(GIVEN RECORDS Opens)

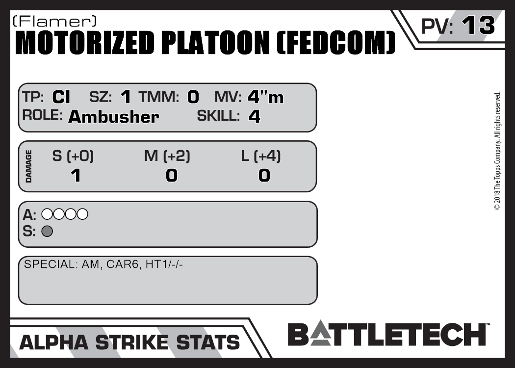 | Motorized Platoon (FedCom) (Rifle, Ballistic) | NA | 13 | Advanced | TO:AUE | |
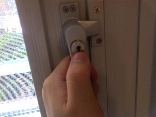 左右開窗,因為防盗及怕小朋友的情況,所以必需要開這一種安全鎖來用,但是也不是很好用!
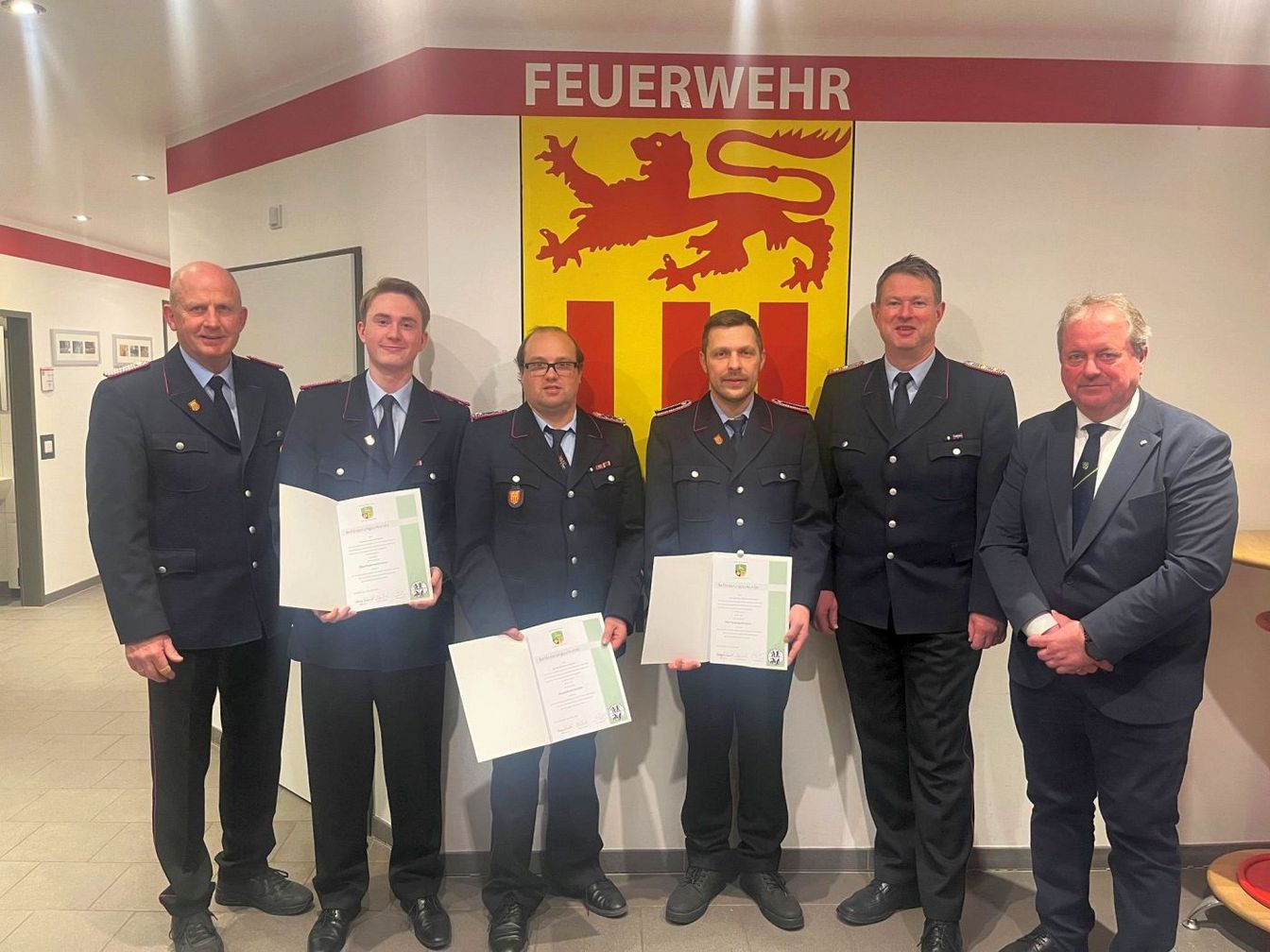 Von den aktiven Kameraden wurde Jan Brückner zum Hauptlöschmeister befördert. Florian Werner, Daniel Füller und Olaf Bettinga wurden zum Ersten Hauptfeuerwehrmann befördert. Leon Effmert ist nun Oberfeuerwehrmann und Matthias Zimmermann darf sich fortan Oberfeuerwehrmann nennen.
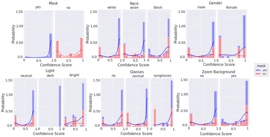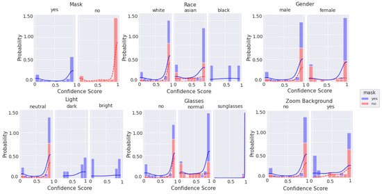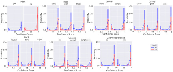 Box plots are a useful way to illustrate basic statistics in a set of data, thus simplifying the identification of relationships and distributions that may lie within the data [60]. The upper and lower extrema are represented by the top and bottom lines, respectively; similarly, the upper and lower quartiles are represented by the top and bottom of the box. The median of the data is represented by the center line. For this application, box plots help visualize how each category and label are related to the confidence score output (described below) by the model during classification. Figure A1–Figure A4 consist of box plots displaying the categorical label distributions for ‘mask’ and ‘no mask’ images. On the vertical axes, confidence scale refers to the outputs from the model for the correct classification label: during evaluation, a softmax function is used to scale the two model outputs between 0 and 1 so that the sum is 1. corresponds to the ‘mask’ label and corresponds to the ‘no mask’ label. For instance, an image of an individual wearing a mask with output confidence scores would be a correctly classified ‘mask’ sample with 72.9% confidence. If the confidence value for the correct label is less than 0.5, the image was labeled incorrectly by the neural network. The horizontal axis for each plot lists the categorical label names. For each of these labels, the boxes are plotted directly alongside each other for ‘mask’ and ‘no mask’ cases. For example, referring to Figure A3, the ‘glasses’ category can be ‘no’, ‘normal’, or ‘sunglasses’ for each variation of glasses-wearing individual. Furthermore, there are relatively few examples of individuals wearing sunglasses, compared to individuals wearing normal eyeglasses or no glasses at all. Images with an individual wearing normal glasses and no mask had a lower typical confidence score than images with an individual wearing normal glasses and a mask.
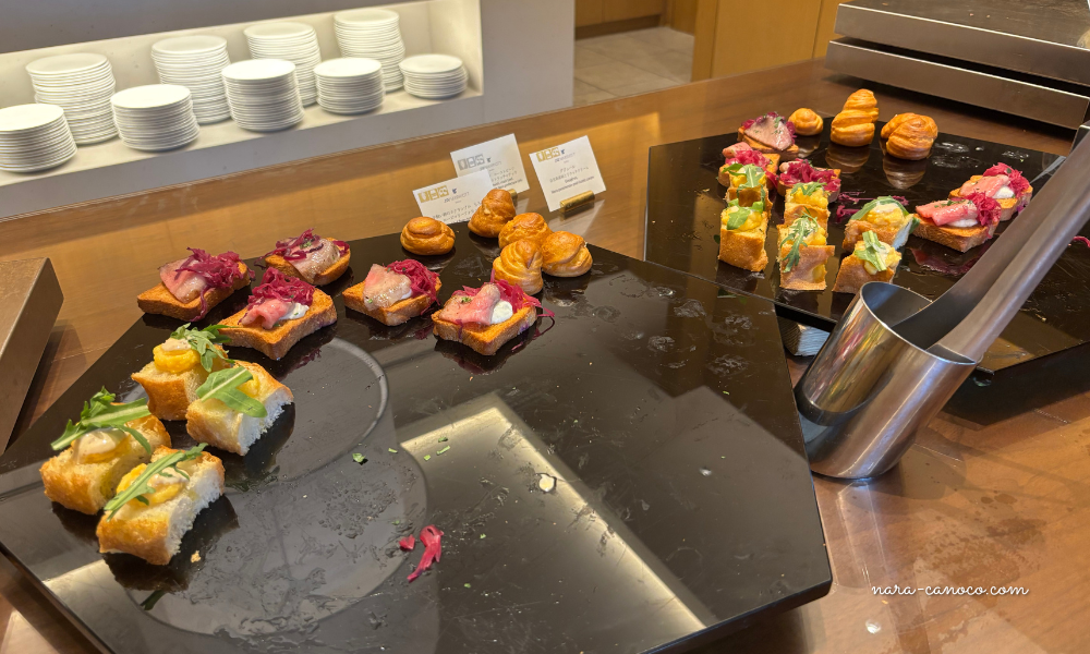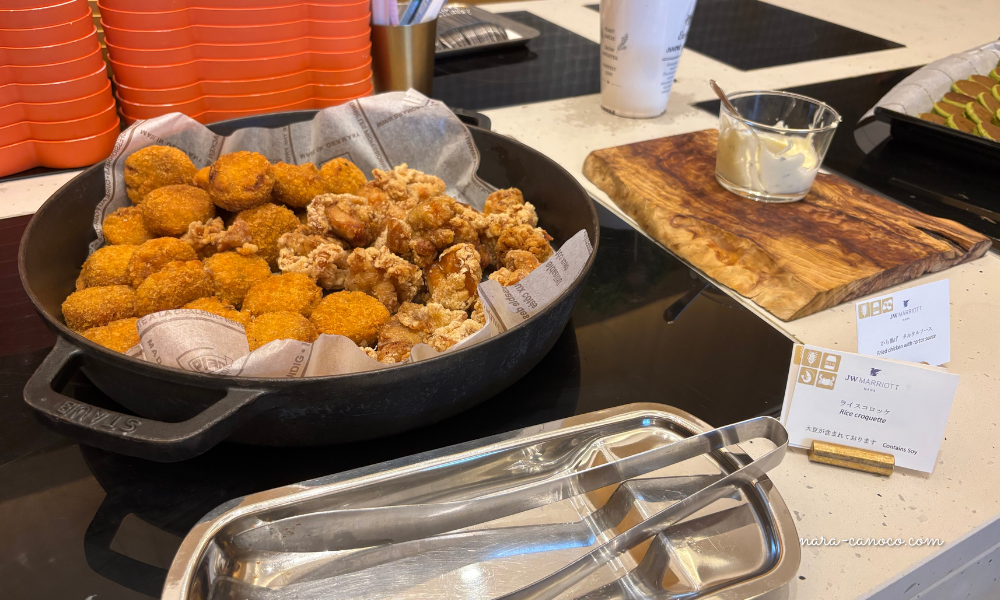 フィンガーフードやミニパンケーキ、三輪そうめん、唐揚げなど、十分食事がとれるので、お昼はラウンジで済ませてもよかったなと思います。
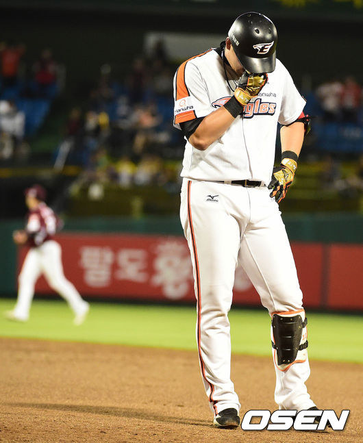 28일 대전야구장에서 벌어진 '2014 한국 야쿠르트세븐 프로야구' 한화 이글스와 넥센 히어로즈의 경기,5회말 2사 1,3루 잘맞은 타구가 중견수 이택근에게 잡히자 김태완이 고개를 숙이고 있다.

(GIVEN RECORDS Closes)

EXERCISE BRIEF
Every entry above needs to be duplicated exactly, without its images.

EXERCISE OUTPUT
 | Motorized Platoon (FedCom) (Rifle, Ballistic) | NA | 13 | Advanced | TO:AUE | |
 左右開窗,因為防盗及怕小朋友的情況,所以必需要開這一種安全鎖來用,但是也不是很好用!
 Von den aktiven Kameraden wurde Jan Brückner zum Hauptlöschmeister befördert. Florian Werner, Daniel Füller und Olaf Bettinga wurden zum Ersten Hauptfeuerwehrmann befördert. Leon Effmert ist nun Oberfeuerwehrmann und Matthias Zimmermann darf sich fortan Oberfeuerwehrmann nennen.
 Box plots are a useful way to illustrate basic statistics in a set of data, thus simplifying the identification of relationships and distributions that may lie within the data [60]. The upper and lower extrema are represented by the top and bottom lines, respectively; similarly, the upper and lower quartiles are represented by the top and bottom of the box. The median of the data is represented by the center line. For this application, box plots help visualize how each category and label are related to the confidence score output (described below) by the model during classification. Figure A1–Figure A4 consist of box plots displaying the categorical label distributions for ‘mask’ and ‘no mask’ images. On the vertical axes, confidence scale refers to the outputs from the model for the correct classification label: during evaluation, a softmax function is used to scale the two model outputs between 0 and 1 so that the sum is 1. corresponds to the ‘mask’ label and corresponds to the ‘no mask’ label. For instance, an image of an individual wearing a mask with output confidence scores would be a correctly classified ‘mask’ sample with 72.9% confidence. If the confidence value for the correct label is less than 0.5, the image was labeled incorrectly by the neural network. The horizontal axis for each plot lists the categorical label names. For each of these labels, the boxes are plotted directly alongside each other for ‘mask’ and ‘no mask’ cases. For example, referring to Figure A3, the ‘glasses’ category can be ‘no’, ‘normal’, or ‘sunglasses’ for each variation of glasses-wearing individual. Furthermore, there are relatively few examples of individuals wearing sunglasses, compared to individuals wearing normal eyeglasses or no glasses at all. Images with an individual wearing normal glasses and no mask had a lower typical confidence score than images with an individual wearing normal glasses and a mask.
 フィンガーフードやミニパンケーキ、三輪そうめん、唐揚げなど、十分食事がとれるので、お昼はラウンジで済ませてもよかったなと思います。
 28일 대전야구장에서 벌어진 '2014 한국 야쿠르트세븐 프로야구' 한화 이글스와 넥센 히어로즈의 경기,5회말 2사 1,3루 잘맞은 타구가 중견수 이택근에게 잡히자 김태완이 고개를 숙이고 있다.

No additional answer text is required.